Mark Munroe (L), executive vice president for mining at Lonmin, the world's third-largest platinum mining company, speaks alongside Lonmin chief financial officer Simon Scott during a press conference on August 20, 2012, in Marikana., a photo by Pan-African News Wire File Photos on Flickr.
Bloomberg View: South Africa's Brewing Class War
Posted on September 06, 2012
With the world’s largest reserves of more than a dozen minerals, South Africa is not about to run out of riches. Yet the unrest rumbling through its mining industry reflects the deepening failure of Africa’s largest economy, almost two decades after the end of apartheid, to tap its natural wealth for the lasting benefit of all its citizens.

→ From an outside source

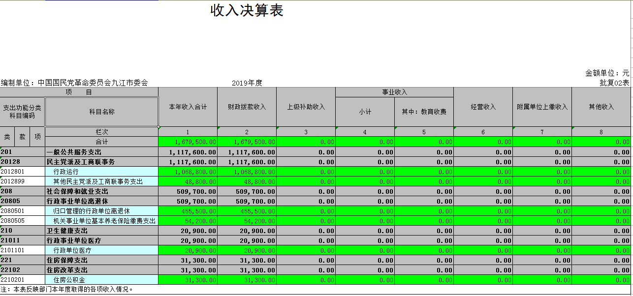 纳入本套部门决算汇编范围的单位共1个,为民革九江市委会。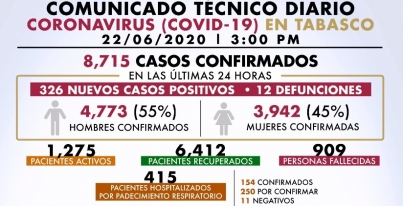 Con corte de las 15:00 horas, el informe detalla que gracias al esfuerzo del personal médico se han recuperado seis mil 412 tabasqueños; mientras que 415 más permanecen hospitalizados por padecimientos respiratorios, de los cuales, 154 han dado positivo a SARS-Cov-2, otros 250 esperan resultados de laboratorio y 11 dieron negativo.

South Africa’s mining industry, which generates nearly one-tenth of its gross domestic product and half its foreign exchange and provides about 500,000 jobs, has been hit hard by slowing demand from China and Europe. (The price of platinum, for example, which is used in catalytic converters for cars, slumped with sluggish auto sales in Europe.) But the country’s economic problems go well beyond that. Unemployment, now at 25 percent, has not dipped below 22 percent since 2000; the level of inequality, as measured by South Africa’s Gini coefficient, is worse now than at the end of apartheid.
To the credit of South Africa’s leaders, millions more South Africans now have clean water and electricity and are living above the poverty line. Still, giving out welfare grants (which go to more than 15 million people, or nearly one-third of the population) and government jobs (more than 20 percent of the workforce, far outstripping the country’s emerging market peers) is an expensive anti-poverty strategy with diminishing returns.
A better approach would be to give more South Africans a chance to work for a living wage. A subsidy for young workers in new jobs would be a good place to start, though the idea is stalled by opposition from labor unions, which fear the displacement of their workers. Another strategy would be to channel state procurement purchases away from the big, established companies that dominate the economy and toward newer small and medium enterprises. A third idea would be to tackle one of apartheid’s most stubborn legacies—the segregation of Africans in remote townships—by providing a transportation subsidy to enable people to commute to where the jobs are.
Stubborn inequality is a problem that South Africa shares with much of the rest of the world. One of the best ways to reduce it would be to invest more in the country’s educational system: One survey ranks South Africa’s primary school system 127th out of 142 countries, below that of Mali. That is tough, long-term pick-and-shovel work—much less dangerous than working South Africa’s deep mines, to be sure, but even more essential to tapping the country’s single greatest resource.